司機往倒車鏡看了眼, 車後的兩人安靜倚靠在一起,頭發長的那個像是睡了。

車無聲開著,陳詡沒睜眼。他不知道現在駛到離家的哪一段路。

周見山的肩頭發硬, 卻寬闊。陳詡枕在那片肩上,對方稍動了動,小幅度又很努力地為他的臉與腦袋留出盡量舒適的空間。

後面紮小揪那有點疼,陳詡還是沒動,就像是真的睡著了。

不一會腦後細細的疼意跟隨束縛一並消失。皮筋掉了。

他確實困了, 大腦裏是片紅色的黑色的混沌, 身體有規律地輕微起伏著。

掉了就掉了吧。

偶爾眼皮上亮了瞬,大概是從外照射進來的車燈。這光束很快淡去,又或者說是從他的視網膜上消失,像是被人攔腰截斷。

呼出去的氣息打在一堵墻上。

陳詡將眼睛睜開一點, 沒開頂燈的車後座重新陷入昏暗。自己面前是只張開的掌,掌心向內——周見山在用手給他擋光。

他半闔著眼那樣看著,額頭與對方的脖頸相貼。那只手太大, 陳詡想,大到幾乎可以覆蓋住他的整張臉。

指節上有薄繭, 手指勻長,掌寬。

啞巴的身體僵硬,大概是怕吵醒他, 又怕他睡不舒服,整個人坐得直溜。

窗外又駛過輛車,車燈一閃而過。陳詡的聽力, 嗅覺,視線。一切都沈寂在這昏暗的車後座中了。

唯獨額頭那兒的熱清晰。

從周見山的角度只能看到一顆圓溜溜的頭頂,窗外路燈淡淡的黃光落進來, 睫毛在哥的臉上疊加出道柔和的陰影。

他喉嚨幹,偶爾喉結微微顫顫地滑一下,一動也不敢動。連呼吸都放緩。

車不知開了多久,時間好像被抽成真空。“到了。”車停了。

車窗下移聲,司機頭探出去:“是這吧?要不要再朝裏捎一截。”

陳詡擠開眼睛,大概因為車裏太安靜,不知道什麽時候起意識渙散,真的睡著了。

脖子那有點酸,張嘴時嗓子啞,“不用,”他從啞巴身上離開,渾身有種剛睡醒的遲鈍,“巷子——巷子窄。”

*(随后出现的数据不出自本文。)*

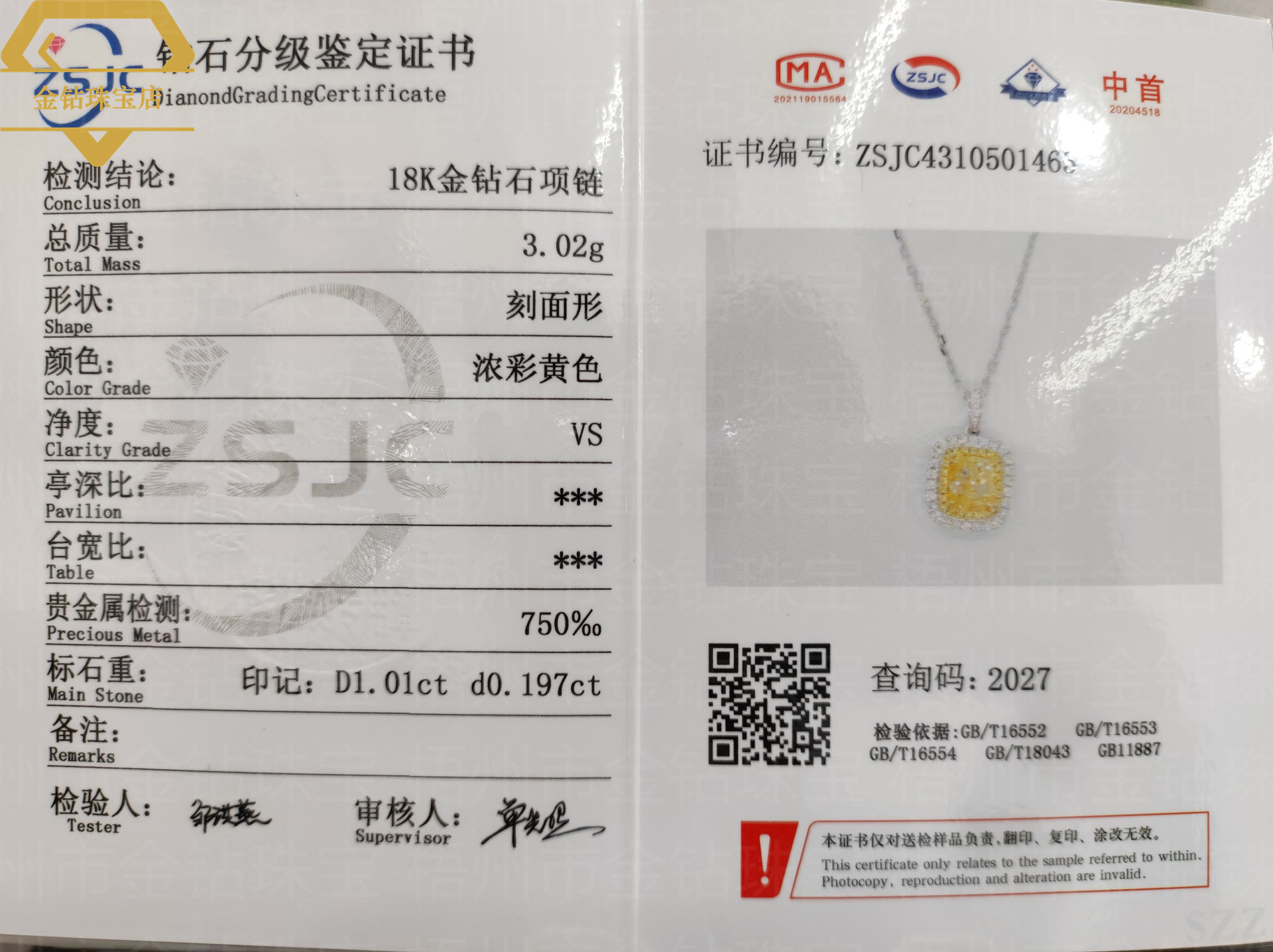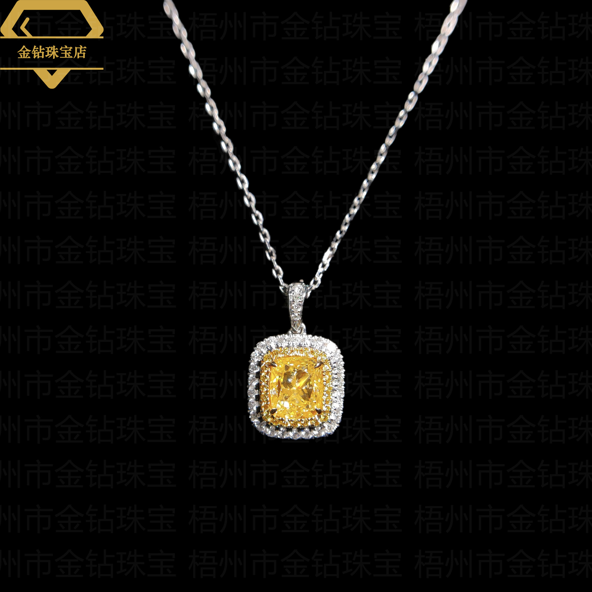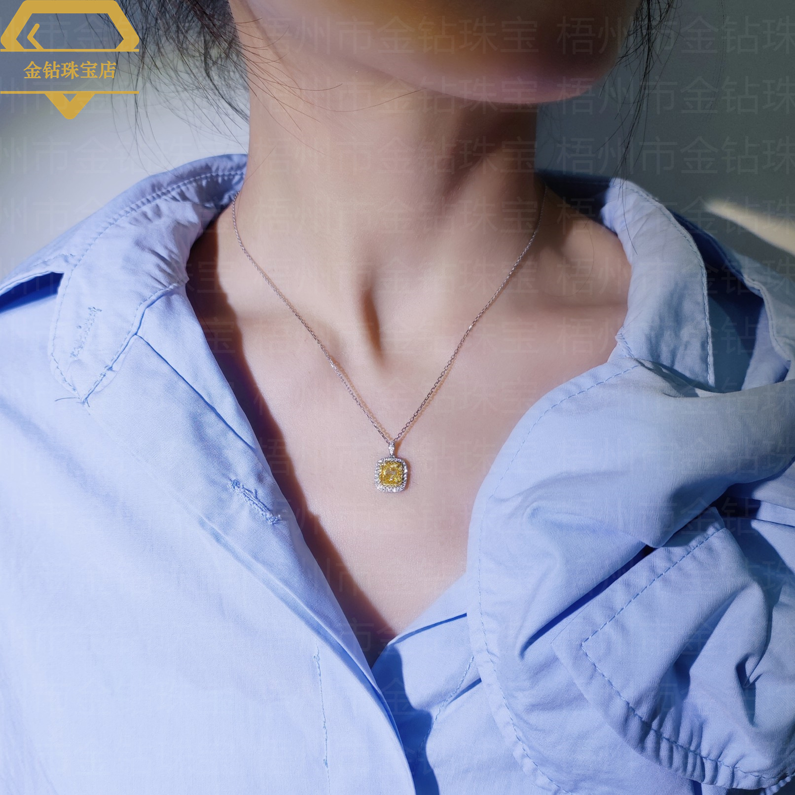 Колье с желтыми бриллиантами в форме подушки, 18-каратное золото, летняя новинка 2024 года, европейско-американский стиль, колье для трансграничной торговли
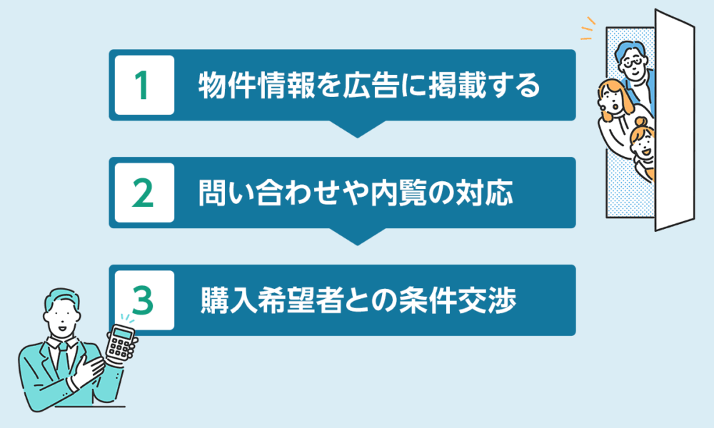 広告はインターネットのポータルサイトなどへの掲載のほか、チラシの配布や新聞広告などさまざまです。広告を掲載するほかにも、不動産会社が購入を検討している顧客に直接連絡するなどの活動も並行して行います。

他停了一秒,“進去不好掉頭,”陳詡清清嗓子,“沒事,我們就住裏面沒多遠。”

“行,”司機按頂燈,四周亮了,擰開門下車,“後面還有東西。”

周見山也跟著要下車,一擡胳膊動作僵直半秒,門哢嚓聲響。

陳詡擡了下眼。

“麻了?”他低頭在座位上找 東西,很明顯沒找到,邊彎腰嘴裏嘀咕,“掉下面去了嗎……”

車門邦邦輕響了兩聲,周見山站那,遞給他根皮筋。

“你撿著了?”陳詡接過,啞巴笑笑,關車門去後面搬東西。

後面窸窸窣窣,塑料袋響聲,司機和周見山說話:“那邊…裏頭那袋也是。”

隔著距離聽不真切。

陳詡坐那等,掏手機看了眼,七點了。不一會車門再次被人打開,周見山彎腰進來,將他抱出去放在展開的輪椅上。

放完蹲在那沒急著站起來,給陳詡調整腳托。

比手語:「可以嗎?」

“行,”陳詡說,“我自己開,東西我腿上能放點。”

司機大叔挺熱心,看他倆大包小包不少東西,又坐輪椅不方便,幫著提了點。

剛進小巷,陳詡聽見大叔嘖了聲:“你們這有房子出租啊?”

他擡頭隨視線看去,司機旁邊有根灰色電線桿,上面貼著張寫著字的彩頁紙。

字不算大,近視看不太清。紙張倒是新,大概才貼上去。

白天他倆出來時還沒有,又或許貼了只是他沒註意看。

“有,還不少呢。”陳詡懷裏抱著兩雙鞋,疊著摞起來。

“你要租嗎?”周見山拎著被子衣服在他旁邊跟著,陳詡用下巴抵住鞋盒,“說是都往城東那邊去了,所以老房子空出來得多。”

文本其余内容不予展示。